My heart sank as we turned the corner. “That’s the truck?”
“Yup.” Tommy beamed with unadulterated pride.
“You said it needed a little work.” The Chevy pickup buried its nose in the pasture, front wheels gone, sightless without headlamps. The missing front bumper gave it a toothless look, as if it was gumming the grass. The backbone of its frame bent painfully between the cab and the bed, suggesting it might never carry another payload. The faded body paint had blistered and peeled, appearing almost sunburned on top, with a greenish mold on the sides.
“It was running, or almost running, when Uncle Otis parked it, sort of. O’course, that was fifty years ago.”
“And then some,” I said, as I walked around the vehicle. “That’s a ’52, maybe a ’53. They didn’t have side vent windows until 1951, and they stopped making split windshields in ’54.”
“See? I knew you’d appreciate it. It’s a classic.”
“It’s a classic, all right,” I said, “A classic piece of junk.”
Tommy seemed smaller somehow, deflated by my remarks. “So, you don’t want it?”
“I didn’t say that. Is it all there? Does it have a motor?”
“It’s all there—except for the front bumper. Otis lost that in the river.”
“The river? It’s been in the water?”
“Otis used to run white lightning across the state line. The Revenuers were hot on his tail one night, so he took a short cut and drove across the river. He lost the bumper when he hit some rocks and ended up stranded on a sand bar.”
“How did he get it off the sand bar? And what did you mean by ‘almost running’ when our uncle parked it?’”
Tommy squirmed a bit and stammered something unintelligible.
“Tommy? Say again?”
“It was them damn aliens. They done it.”
“You mean like illegals? Mexicans?”
“No. The other kind. Space aliens.”
Here we go. “Okay, I’ll bite. What space aliens?”
“Uncle Otis was stuck on that-there sand bar for three days and three nights. On the third night, right about the time he’d decided to make a swim for it, some aliens come by in their flying saucer and sucked Otis and the Chevy right into their ship. We didn’t see him again for five weeks.”
“That’s pretty far-fetched, Tommy. Why would you believe something like that?”
“Otis’ story was that the aliens wanted the hooch. There were twenty cases of liquor in the truck bed, and they drank it all.” Tommy looked thoughtful. “O’course they couldn’t handle the stuff—it was Cousin Merle’s best brew. It took a while for them to sober up and return Otis, and on the way back the aliens got lost. Otis said they took a left turn at Jupiter instead of a right. Anyway, they dropped Otis and the truck in Aunt Ethyl’s front pasture and left.”

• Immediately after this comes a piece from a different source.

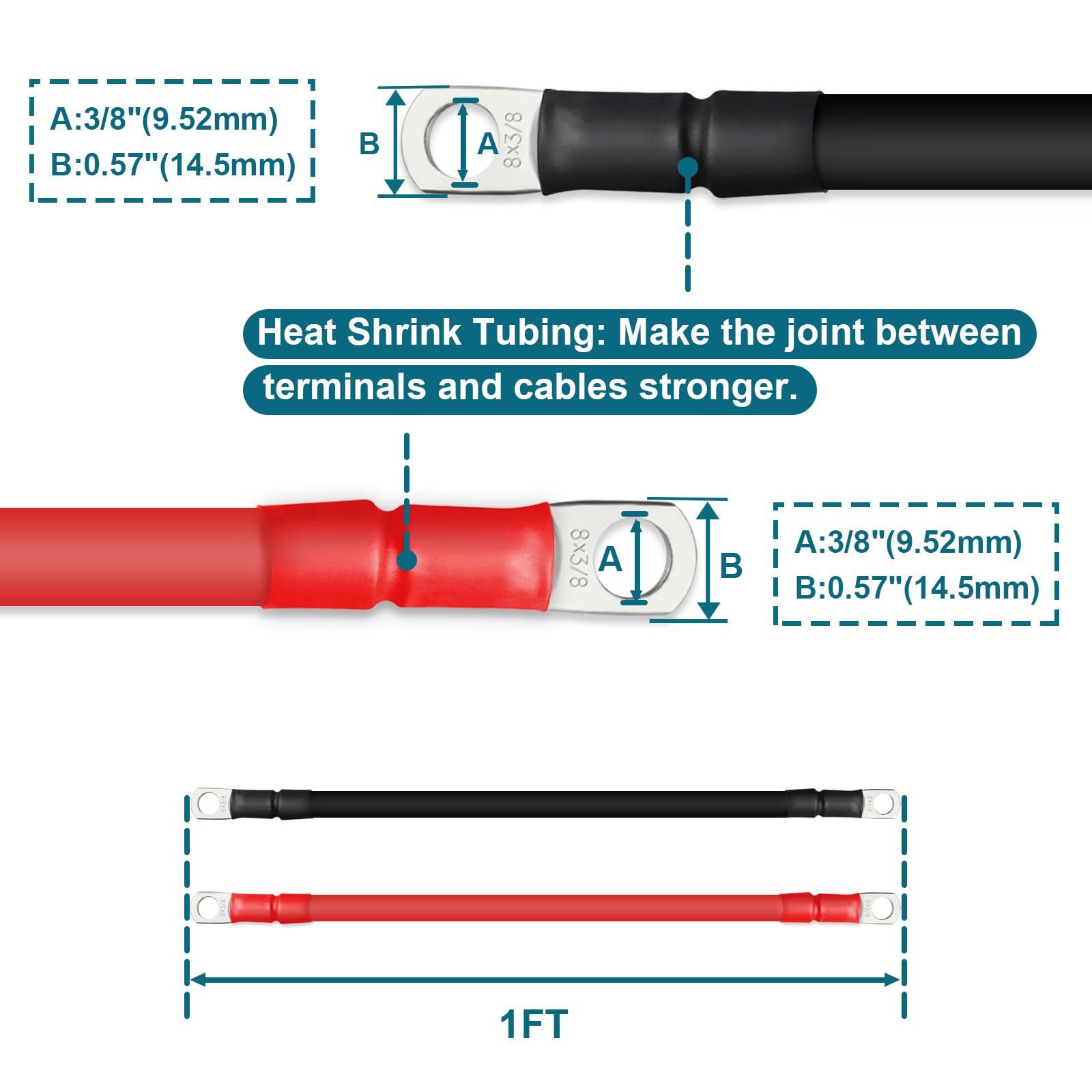 Strong Structure: Solid terminals on the both sides of the battery cable allow you to connect more easily. In addition, the heat-shrinkable tubing makes the joint between terminals and cables stronger, ensuring safety.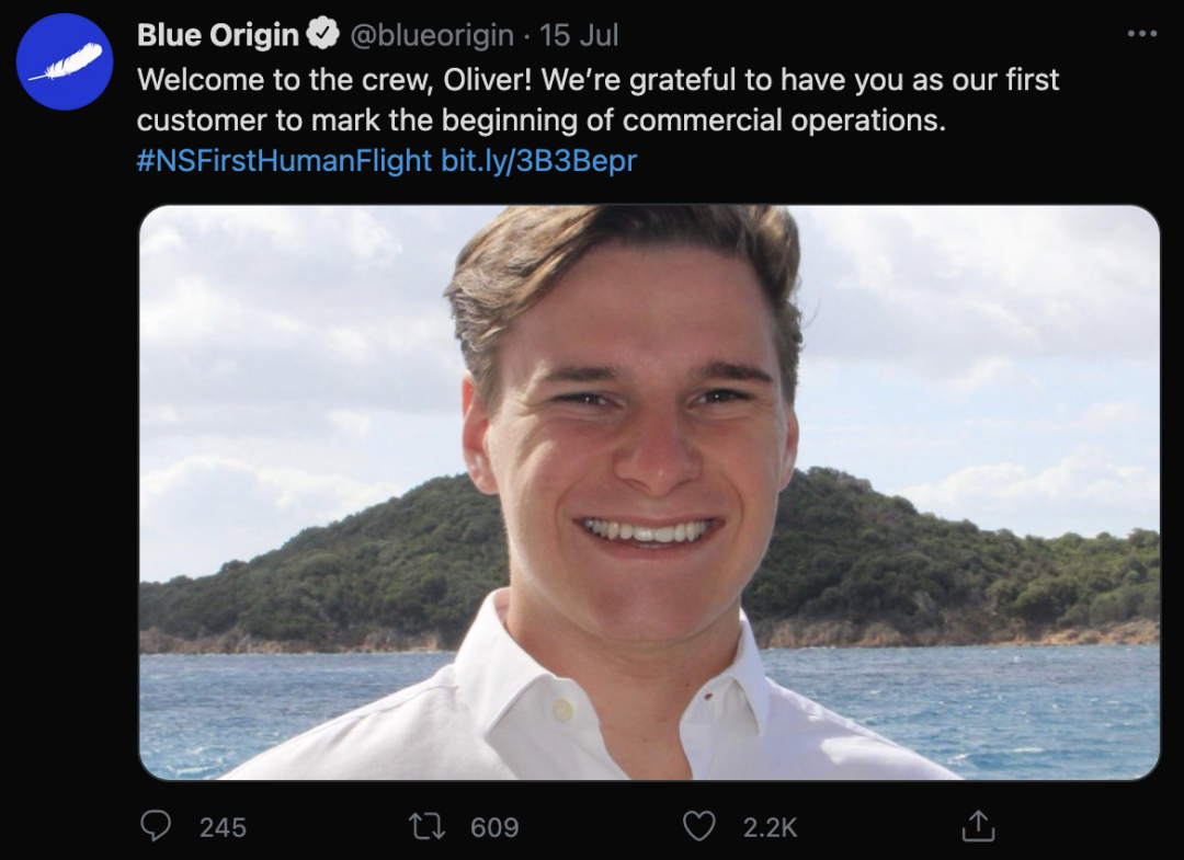 最近,贝索斯的蓝色起源凭借着一位18岁的神秘乘客Oliver Damen又回到了舆论的风口浪尖上。

I shook my head. “I repeat—why would you believe a story like that? Isn’t it more likely that Otis just went on a bender and took five weeks to sober up? Or sold the booze himself, kept the money and ran away, but felt guilty and came back?”
“Maybe. But the tailgate was full of bullet holes, and all the paint was burnt off the pickup. That’s why it looks like it does.”
I was silent. “Anything else?”
“Otis didn’t drink.”
“Oh, yeah, and the truck showed up in the pasture without any tire tracks. The pasture was fresh plowed. No way could it have got there without tracks. Plus, Otis was different.”
“You’ll see. Otis hasn’t changed his story in fifty-odd years. He refused to touch that truck again. It’s been there ever since. He never replaced the battery, but the radio still works, even after all this time. And it’s stuck in 1955.”
“What’s stuck in 1955?”
“The radio. All the stations play music and news from 1955. You know, Elvis Presley, Brooklyn Dodgers, Dwight Eisenhower.”
I brushed dirt off the tailgate, exposing a half dozen bullet holes.
“Can you show me? Show me the radio?”
“Not me. Only Otis has the key. But I’ll ask him. He moved in with Ethyl—that’s his baby sister—after she started feelin’ poorly. They live in that house over yonder.”
We walked to the farmhouse. Tommy climbed the steps and knocked on the door. An elderly lady answered and hugged Tommy warmly. After a brief conversation, she went back inside, and Tommy stepped off the porch and stood next to me.
“That’s Ethyl. She said she’d ask Otis.” The screen door creaked. “Here he is now.”
A tall man strode across the porch and skipped down the steps. He smiled broadly and stuck out his hand.
“Hello, I’m Otis Bradley. I hear you’re interested in my Chevy.”
My mouth hung open as I shook hands with a twenty-year-old man.
Note: A version of this story won 2nd Place in the Granbury Writers’ Bloc monthly contest in May 2017.